Provided material:
######
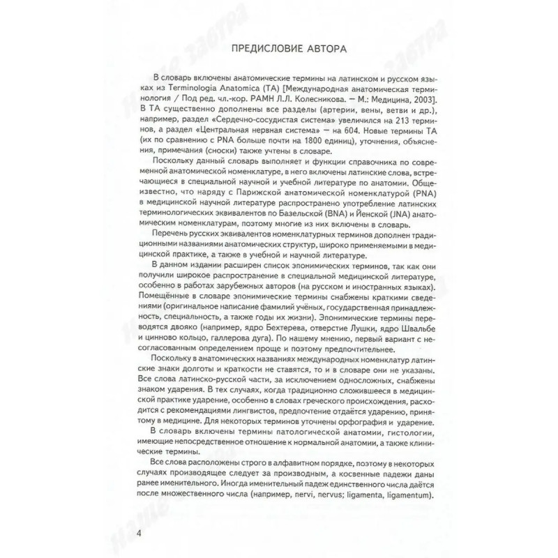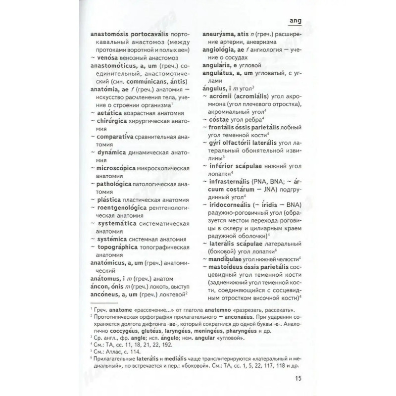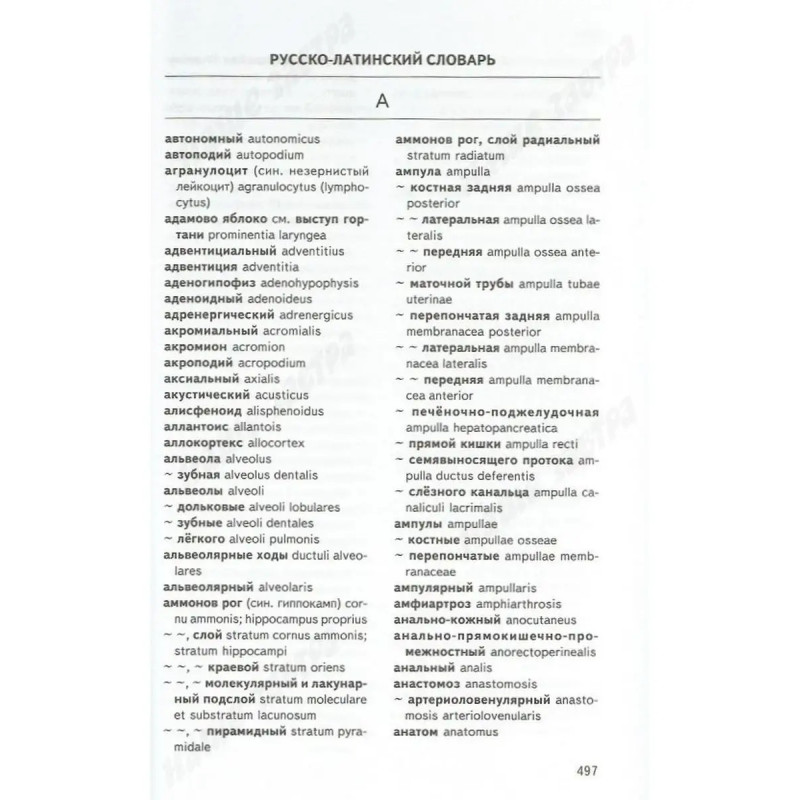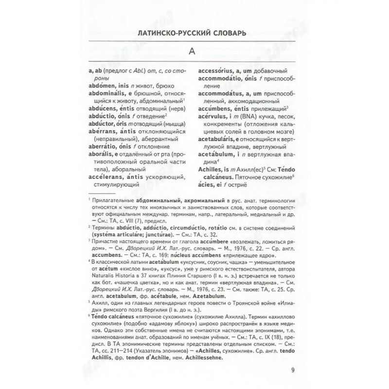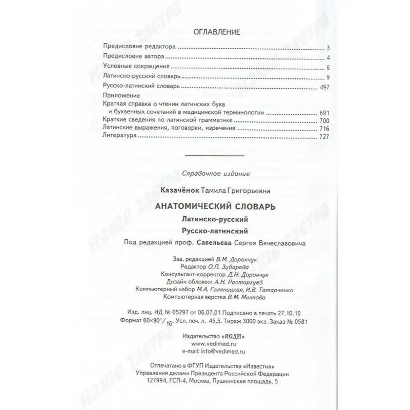 ISBN 978-5-94624-030-7. Анатомический словарь: латинско-русский, русско-латинский. Казачёнок Т.Г. Содержит более 10 000 слов и словосочетаний - анатомических, гистологических и эмбриологических терминов. Вокабулы имеют грамматические пометы и ударение, что способствует их правильному заучиванию и произношению. В настоящем издании приведены основные анатомические термины (артерии, вены, нервы, мышцы, связки, лимфатические узлы и др.), учтены последние изменения терминологии. Для студентов медицинских, стоматологических и фармацевтических вузов, а также для преподавателей анатомических и языковых кафедр.
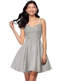 FEATURES:A line,above knee length,cutout two big pockets,v neckline,sleeveless,spaghetti straps,lace applique bodice,natural waistline,adjustable lace up back,fully lined,built-in bra
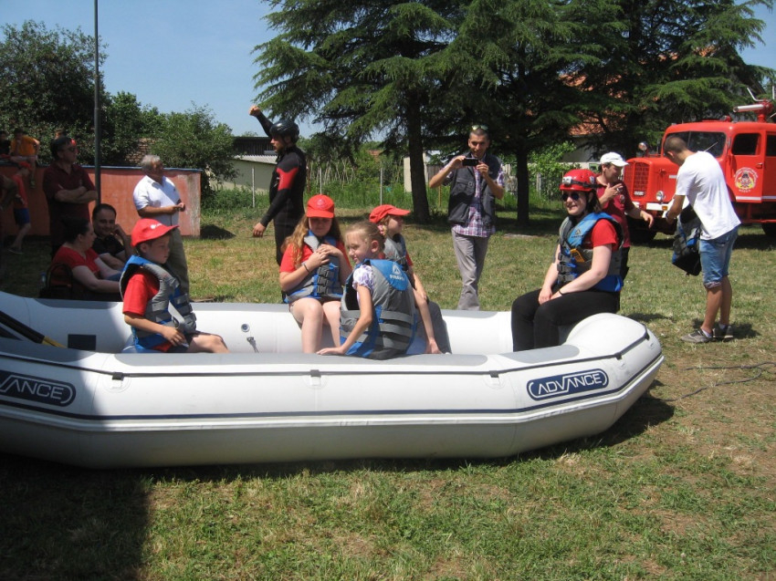 A műhelymunkák gyakorlati részét a következő napon Muzslyán tartották, a helyi önkéntes tűzoltó egyesület gyakorlóterepén. Különféle, a tűz oltásához kapcsolódó gyakorlatokat mutattak be a legfiatalabbak. A jelenlévők megszemlélhették az ajándékba kapott eszközöket is. A muzslyai önkéntesek mellett megosztották tapasztalataikat a Szerbiai Önkéntes Mentőcsapat zimonyi tagjai is, akik az obrenováci árvíz idején végzett tevékenységükről beszéltek, valamint bemutatták a mentéshez használatos eszközeiket.
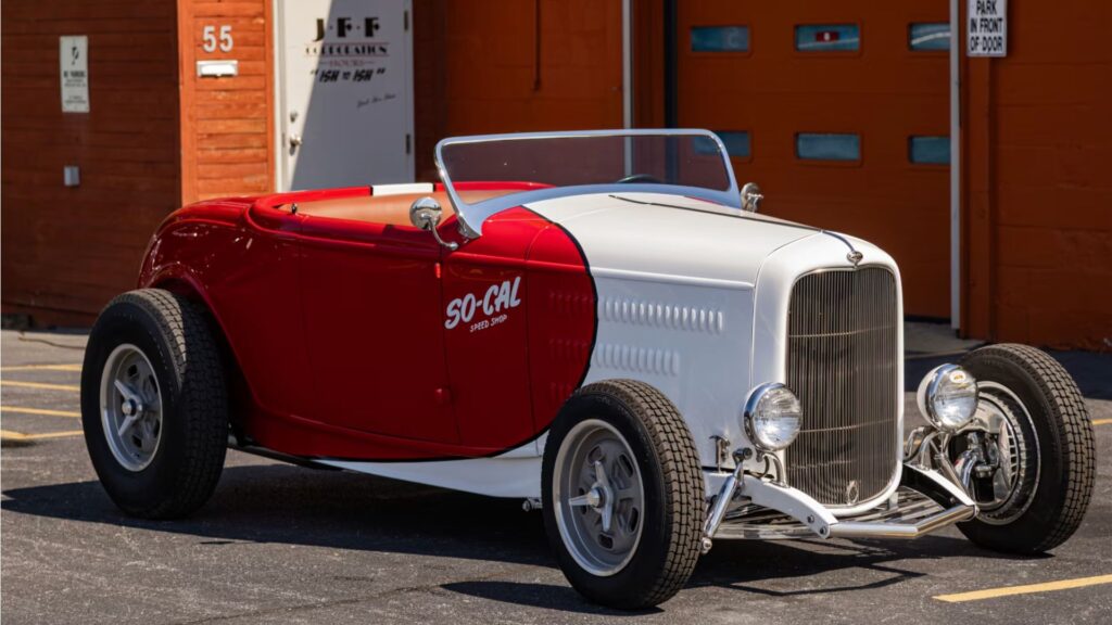 Rounding out the group is a high-performance icon from the world of hot rods—the 1932 Ford So-Cal Speedster. Finished in Red and White So-Cal Speed Shop livery, it’s powered by a 383 CI stroker V-8 mated to a 5-speed manual. Inside, the Tan leather interior, Moon Eyes tachometer, and Pete Chapouris signature pay tribute to So-Cal’s historic legacy. Custom So-Cal wheels, Stahl Sport Radials, and a chopped windshield complete this striking build, a perfect example of craftsmanship meeting cultural significance.
######
Requirement:
Reproduce the lines above exactly, please, but not the pictures in them.

Response to this task:
 ISBN 978-5-94624-030-7. Анатомический словарь: латинско-русский, русско-латинский. Казачёнок Т.Г. Содержит более 10 000 слов и словосочетаний - анатомических, гистологических и эмбриологических терминов. Вокабулы имеют грамматические пометы и ударение, что способствует их правильному заучиванию и произношению. В настоящем издании приведены основные анатомические термины (артерии, вены, нервы, мышцы, связки, лимфатические узлы и др.), учтены последние изменения терминологии. Для студентов медицинских, стоматологических и фармацевтических вузов, а также для преподавателей анатомических и языковых кафедр.
 FEATURES:A line,above knee length,cutout two big pockets,v neckline,sleeveless,spaghetti straps,lace applique bodice,natural waistline,adjustable lace up back,fully lined,built-in bra
 A műhelymunkák gyakorlati részét a következő napon Muzslyán tartották, a helyi önkéntes tűzoltó egyesület gyakorlóterepén. Különféle, a tűz oltásához kapcsolódó gyakorlatokat mutattak be a legfiatalabbak. A jelenlévők megszemlélhették az ajándékba kapott eszközöket is. A muzslyai önkéntesek mellett megosztották tapasztalataikat a Szerbiai Önkéntes Mentőcsapat zimonyi tagjai is, akik az obrenováci árvíz idején végzett tevékenységükről beszéltek, valamint bemutatták a mentéshez használatos eszközeiket.
 Rounding out the group is a high-performance icon from the world of hot rods—the 1932 Ford So-Cal Speedster. Finished in Red and White So-Cal Speed Shop livery, it’s powered by a 383 CI stroker V-8 mated to a 5-speed manual. Inside, the Tan leather interior, Moon Eyes tachometer, and Pete Chapouris signature pay tribute to So-Cal’s historic legacy. Custom So-Cal wheels, Stahl Sport Radials, and a chopped windshield complete this striking build, a perfect example of craftsmanship meeting cultural significance.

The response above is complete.